Understanding the universe through art

October 5, 2017 Features

The Cornell Fine Arts Museum is hosting the exhibit Time as Landscape until December 31, 2017. When you gaze into the depths of space, you gaze across eons of time. When looking across time, it is easy to become lost and distracted, realizing the smallness of humanity–and even the whole Earth—within the greater universe around us.

The universe is immense in scope spatially and temporally, but it is also true that we ascribed all those qualities by ourselves. Therefore, it is and must be our vocation to appreciate the beauty and fractal order of the universe from our experiences here in our cozy little observable corner. We matter, and it is our privilege to be able to witness and understand through science the universe as an experience rather than an object. That is the goal and purpose of Time as Landscape.

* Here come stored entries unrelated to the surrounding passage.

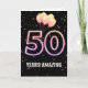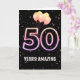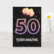 Party balloons and confetti on black background with the neon number 50 for a 50th birthday.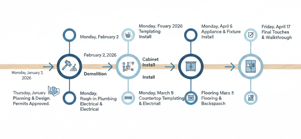 You see start and finish dates tied to the entire process, not optimistic guesses that ignore pre-construction realities. This is where most remodels quietly fall apart — contractors underestimate early phases and the whole schedule drifts.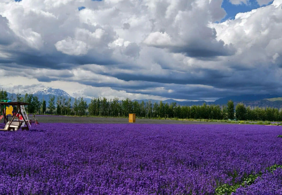 Cánh đồng hoa oải hương: Theo kinh nghiệm du lịch Tân Cương, nơi đây sẽ mang đến cho khách tham quan một trải nghiệm khó quên bởi sự xinh đẹp của thiên nhiên và hoa cỏ. Nơi đây mang vẻ đẹp tinh khôi được tác tạo bởi các đồng hoa oải hương trải dài mênh mông qua từng bề mặt của thung lũng Hongcheng.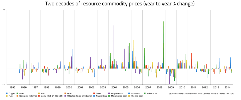 The broad economy is becoming more diverse, which is clearly beneficial. What is not often acknowledged is that the resource sector is also extremely diversified. Commodities are prone to great price swings, but there has never been a time when all BC resource groups declined in the same year (2009 was nearly the exception, but gold prices climbed during the world economic crisis). In addition, history also shows that resource prices always come back.

Time can be understood as both a quality of physics itself or as a personal experience, such as it “being time for class.” It can even be understood as something we either do or do not possess, like lacking time to complete deadlines. It is for this personal and impersonal nature of time that the exhibit is named for. Time is its own landscape, and in that landscape we live and create our experiences. The value of our time in existence, what we create, and the act of witnessing the nature of our existence are the themes upon which this exhibit is built.

The scale of the universe against incomparably smaller human experience is the key concept spectators of the exhibit should keep in mind. Rather than attempt to reconcile geologic or cosmologic time with human biological time, the exhibit uses these scales as a means of focusing our perspective.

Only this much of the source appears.